We continue to work on Michigan Future’s first ever state policy agenda. The goal is to recommend state policies that will help all Michiganders do better economically in the context of today’s and tomorrow’s realities. Not to try to use policy to turn the clock back.

What has become clear to us in doing the research for the report is how the nature of work is being transformed. And given that wages and benefits from work is how most of us primarily earn what is needed to pay the bills and save for our retirement and the kids education, the policy agenda must start with helping people get good-paying work.

But to do that we are facing significant headwinds. The reality today and almost certainly tomorrow is there is a lot of work that is not good paying. Not to mention less and less jobs have good benefits, if any at all.

There are at least five big changes in how work is organized that job seekers will have to adjust to:

  • Jobs are increasingly service-providing not goods-producing. Goods-producing is primarily work in farming, mining, manufacturing and construction. Now about 20 percent of American employment and continuously declining as a share of national employment.
  • Good-paying work is increasingly going to professionals and managers who work in offices, schools and hospitals. Yes there are good-paying jobs that do not require a four year degree. And certainly there are  good-paying jobs not done in offices, schools and hospitals. But good-paying work with good benefits is increasingly going to those with four year degrees or more and is increasingly concentrated in knowledge-based services.
  • Smarter and smarter machines are accelerating the creative destruction of jobs, occupations and even industries. But which jobs, occupations and industries will be most affected and when is unpredictable. So your job and occupation today are less secure than yesterday and even less secure tomorrow than today.
  • Because of smarter and smarter machines, work is increasingly right brain. Daniel Pink in A Whole New Mind posits that new good-paying jobs increasingly will go to people who are creators, empathizers, pattern recognizers and meaning makers.
  • Increasingly contingent: more and more of us working for ourselves, not an employer. Contingent (gig economy) jobs so far tend to be low paying and without benefits.

To us that means that those most likely to have good-paying forty year careers are those with the best rock climbing and free agent skills. Rock climbers instead of ladder climbers. The notion of a career ladder–– predictable and linear steps upwards––in a world that is constantly changing is obsolete. Rather people will need to be like rock climbers––constantly adjusting to new opportunities and challenges. And then resourceful so they can take advantage of those opportunities. Add to that increasingly the ability to be your own employer. Finding good-paying work and good benefits and managing your own finances.

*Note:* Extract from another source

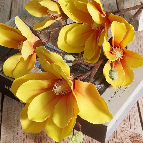 Nhà cửa & Đời sống > Trang trí nhà cửa > Hoa trang trí || Hoa giả/ Hoa Mộc Lan cao su 5 bông cao cấp loại dài 90cm - 1 cànhCòn hàng

That means we need public policy to prepare us to be rock climbers and free agents. Which means a complete transformation in how we approach education. No longer about building primarily occupation-specific skills and no longer limited to pre K-16. But also to offer supports for periods of temporary unemployment. And, maybe most importantly, to augment wages and benefits for those in the many low-paying jobs either through employer mandates like the minimum wage and/or an expanded safety net like the earned income tax credit and universal health insurance.